This interconnector cost estimate highlights that the project cost is mainly driven by the HVDC cable supply cost. Although the transportation of approximately 320,000 te of cable raises significant supply and logistic challenges, the actual transportation cost remains low in comparison to the overall project cost. Nevertheless, a robust transportation strategy is considered highly desirable to minimise project schedule risk and knock-on effects on the cable lay activities for which expensive spreads will be mobilised and notwithstanding the potential risk to the product from excessive storage and for installed sections remaining on the seabed for a long duration before system testing and commissioning.

Phased construction development

In light of the identified HVDC cable manufacturing and logistic challenges of such a long interconnector (2 × 3200 km), a phased development approach has the potential to offer significant benefits and enhance overall project feasibility. This megaproject can be divided into more manageable successive packages by connecting the Indonesian grid first, and subsequently Singapore; resulting in a 4-phase project (based ultimately on a bipolar interconnector).

Two variations of this staged development exist, presented in Table 10, depending on whether the priority, during the second phase, is to have an Australia–Indonesia bipolar interconnector (full capacity) or an Australian–Singapore monopolar interconnector (half capacity).

Table 10 Phased development approach—Australian–Indonesia–Singapore

Option 1 consists of installing, first, the two parallel sections of subsea cables between Australia and Indonesia, enabling the interconnector capacity to reach its full design capacity (2.4 GW) earlier compared to Option 2, generating potentially higher revenue (depending on relative country feed-in tariff) during the intermediate phases.

The cable track length from Australia to Indonesia, Bali was arbitrary selected as the intermediate substation location for this study, is approximately 1400 km (as opposed to 3200 km to Singapore). The subsequent section from Indonesia to Singapore is about 1800 km long.

An initial Australia–Indonesia monopole interconnector can be laid by a single CLV within a year (with transport vessels) and supplied from two to three simultaneous cable manufacturers.

This phased development strategy can potentially offer the following advantages:

  • lower initial investment and risk profile;

  • reduced cost of capital and improved project cash flow position;

  • generating revenue from the installed cable sections for the subsequent construction phases;

  • ability to integrate lessons learnt from previous phases;

  • benefit from HVDC technology development for the final phases;

  • increased market tension of HVDC cable manufacturers and installation contractors;

  • ability to adapt from geopolitical and legislation changes during the course of the project.

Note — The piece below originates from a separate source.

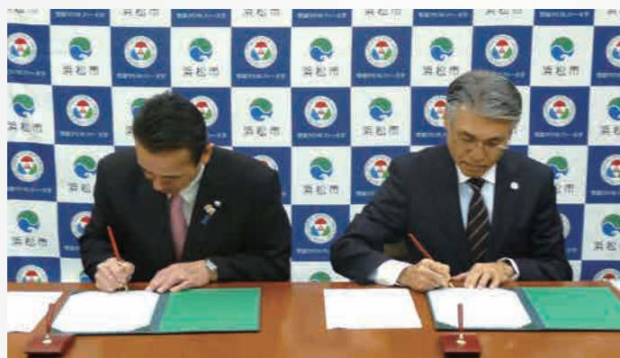
鈴木康友浜松市長(左)、大城昌平学長(右)

けた地域社会の推進に関する事、(5)本協定の目的を達成するために必要な活動、調査研究、報告などの連携協力事項について、既存の連携事業に新たな事業を加え推進していく予定です。
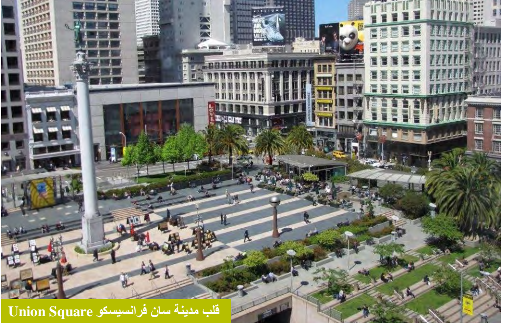
قلب مدينة سان فرانسيسكو Union Square

ان من المعالم والمناطق المثيرة للاهتمام ، في مدينة سان فرانسيسكو والذي يجب تسليط الضوء عليه دائما ، هو الحي الصيني ( اذا يبلغ عدد الصينيين في هذه المنطقة حوالي 20% من سكان مدينة سان فرانسيسكو ) وتتميز هذه المنطقة بانها تعتبر الصين بصورة مصغرة ، حيث العمران والثقافة الصينية تطغي عليها .

Conclusions and discussions

Connecting Australia to Singapore through an HVDC subsea interconnector, although relatively ambitious, is technically feasible. A potentially suitable marine route has been identified, 3200 km in length, which departs from north of Western Australia, crosses the Timor Trough (up to 1900 m water depth), crosses Indonesia (east of Bali) and runs through the Java Sea to Singapore. Adopting the current technology this interconnector can be configured in a bipolar mode to offer 2.4 GW power capacity, using two individual and identical 525 kV HVDC underwater cables, with most likely different designs along the route, such as copper and aluminium conductors for the shallow and deepwater sections respectively, and a mass-impregnated or XLPE insulation.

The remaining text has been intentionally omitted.